Searching by inventor’s name works at the patent office’s web site back to 1920. ex: in/Edison in the 1790-present database would find patents where one of the inventors’ last name is Edison, the famous guy plus anyone else with that surname. But what if you are interested in patents before 1920, as say someone who is reading something on a site called historicip.com? The patent office doesn’t provide a direct way to do this, but my friend Jeff found a way to do just that! It’s there, hiding in plain sight, on the advance search’s help page. I’ll give you a second to try to spot it.
Jeff’s trick is to search the modern, 1976 and up, database for references by name! ex: Ref/Edison. That will return modern patents that reference patents by someone with the surname Edison. The reference can be to any patent, including pre-1920 patents! Suddenly there is a way to find pre-1920 patents for an inventor. It’s an absolutely brilliant, albeit clunky, way to cheat the system, to do something that could not otherwise be done. It’s clunky in that you cannot control the date range of the references. The reference could be to a 1920 and up patent you could have found simply by doing an inventor name search (in/Edison). You’d have to look at a lot of false positives, but ah, before google patents was a thing, you would occasionally find a pre-1920 patent by the inventor you were searching for! The unsearchable suddenly became searchable.
Flaws with the trick include finding the same pre-1920 patent referenced again and again by modern patents.

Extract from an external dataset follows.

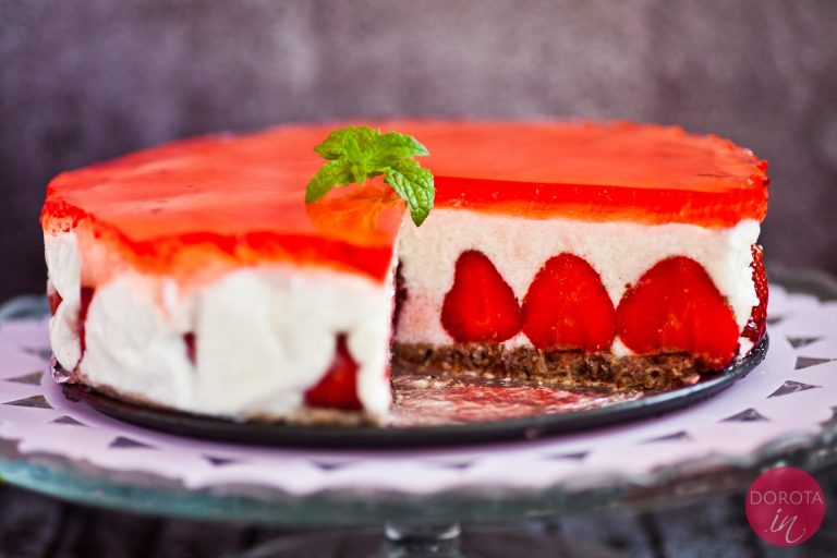 Proste, bo można je przygotować również gotowych ciasteczek, albo wykorzystać bezy, ale trochę czasochłonne ciasto – sernik z truskawkami na zimno, który cierpliwość i czas oczekiwania wynagrodzi po przekrojeniu, ukazując naszym oczom bardzo ładny, truskawkowy wzór. W sezonie na truskawki, obok klasycznego sernika na zimno z galaretką, do którego truskawki wkłada się pomiędzy masę serową, a wierzchnią warstwę galaretki, powinien choć raz zagościć na stole – czy to w domu, czy w ogródku, podany z listkiem świeżej mięty, dobrze schłodzony.
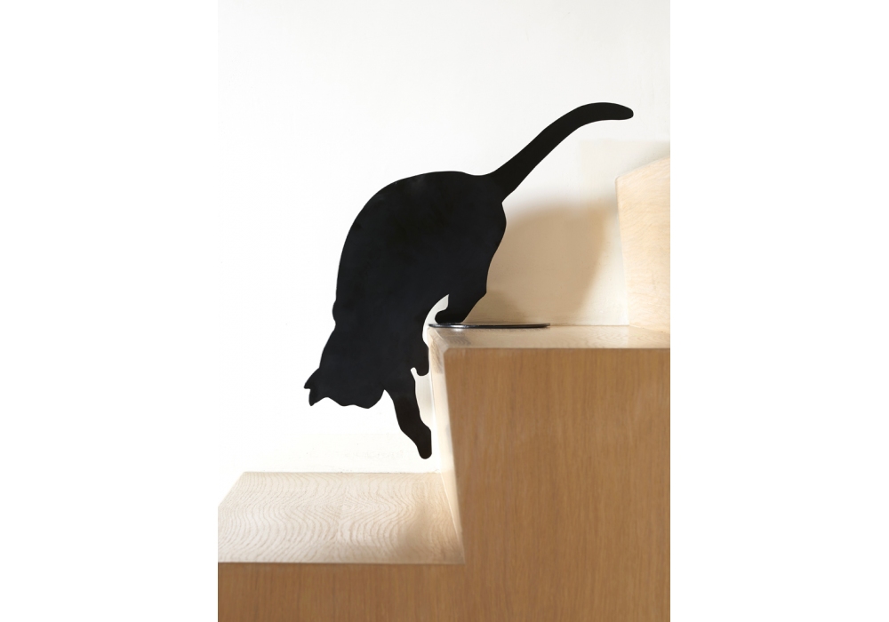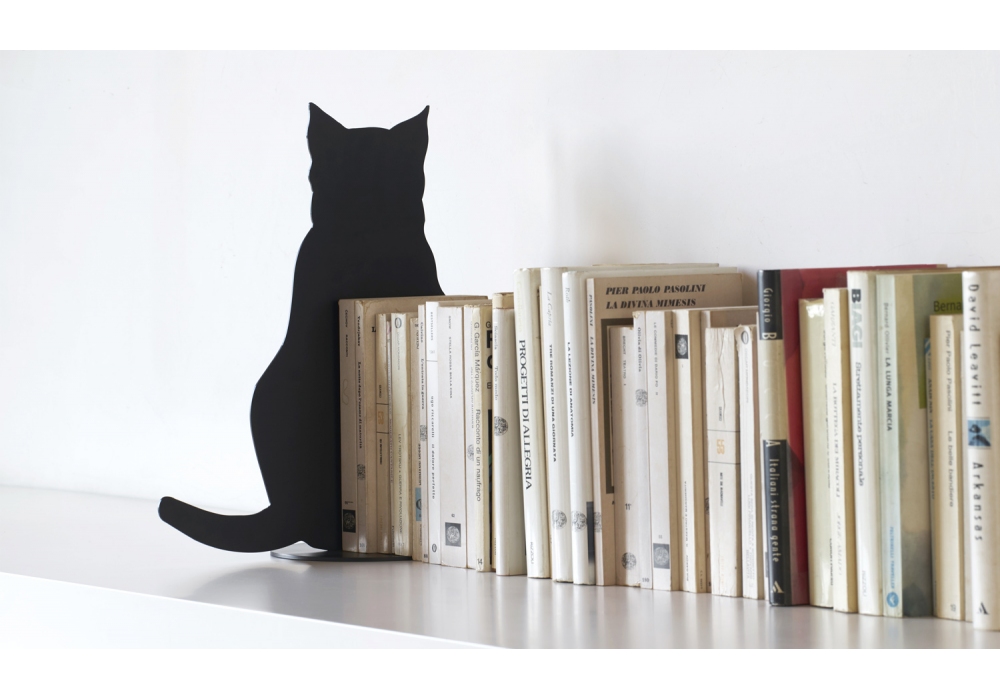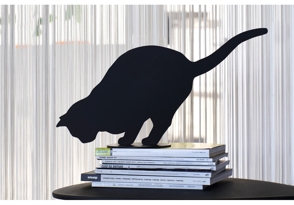 Ombres de Chats conçue par Angelo Barcella Opinion Ciatti est une décoration de table en acier noir qui peut également être utilisée comme serre-livres. Disponible en différents modèles.

The first one is pure gold to its searcher, but the rest become false positives. Another problem is that not every pre-1920 patent gets referenced by a modern patent. So it’s not a perfect trick, but that doesn’t diminish its brilliance any. It’s so cleaver I would be really proud if I that thought it up myself.

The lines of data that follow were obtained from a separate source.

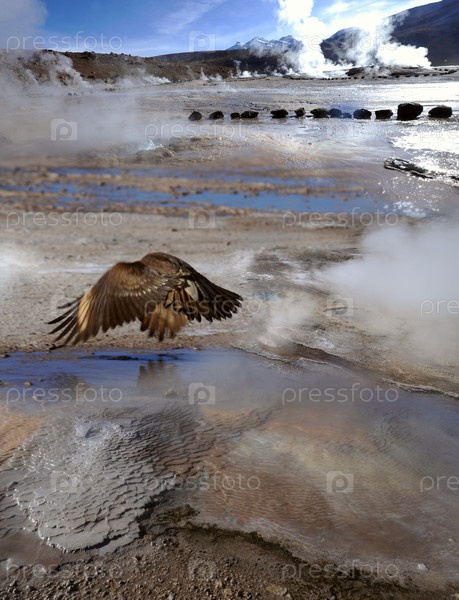 Кондор в долине Гейзеров, пустыня Атакама, Чили
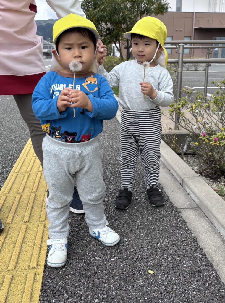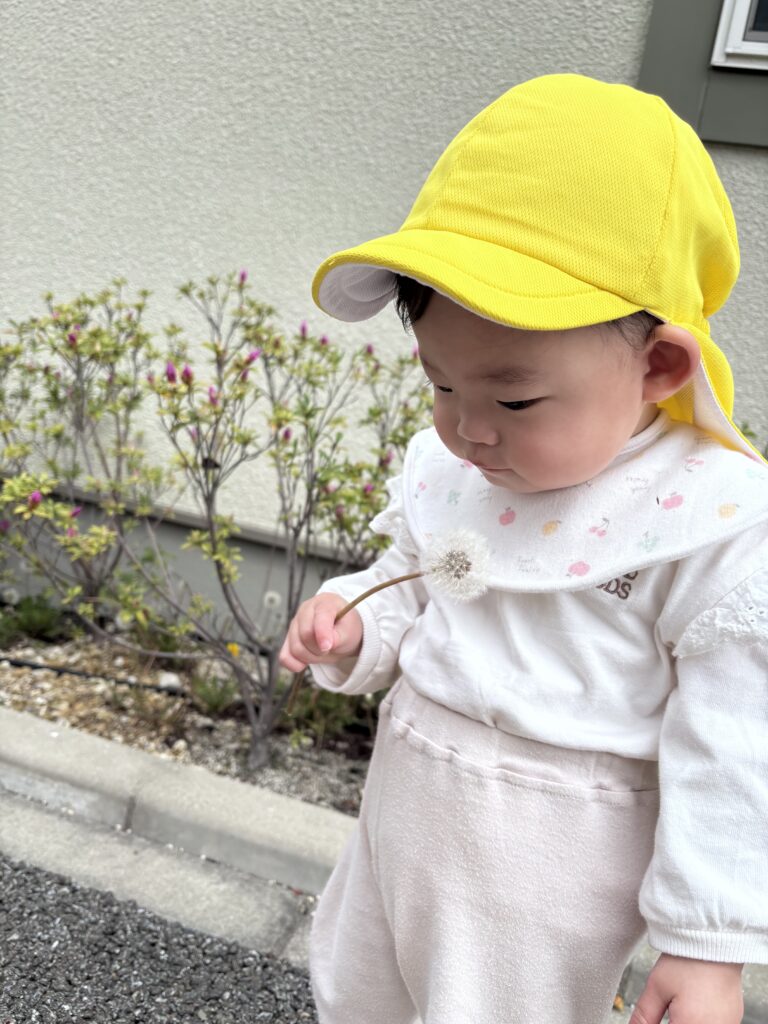 お散歩で、見つけたタンポポ「ふ~っ」と吹くと、ふわふわの種が飛んでいって大喜びです✨
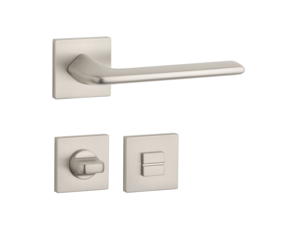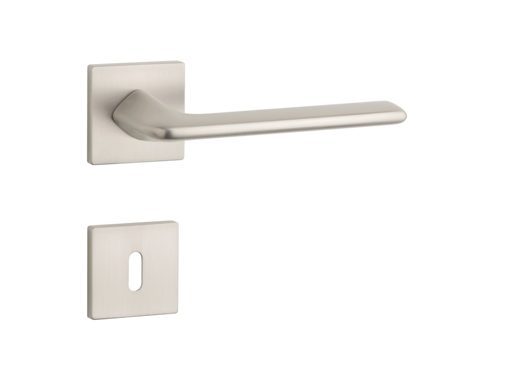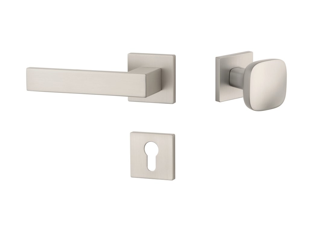 Rozetová kľučka na interiérové dvere s hranatou rozetou je vyrobená z materiálov vysokej kvality - zamak a je povrchovo upravená. Rozeta má rozmer 52x52 mm a hrúbku len 7 mm. Minimalistický dizajn rozety s vysokou stabilitou kľučky na dverách pôsobí jemne, a tým ponecháva priestor pre vyniknutie dizajnu samotnej kľučky.

Inspired by Jeff’s trick, I created a searchable database of pre-1920 inventors. I did this by scanning the bulk granted patent xml files, looking for pre-1920 references that I hadn’t already found. Bam, no more false positives! Well, at least not as many as using a straight up reference search as it turns out. The problem is that the reference data is not complete clean. I found typos in the inventor’s names, dyslexic permutations of the referenced patent number, missing D’s of design patents etc. I also added pre-1920 inventors gleaned from other sources, as I credit . Seems it pays to be a developer of an antique tool patent web site, chock full of pre-1920 inventors names. It came into existence though the efforts of my friends Jeff and Ralph and others.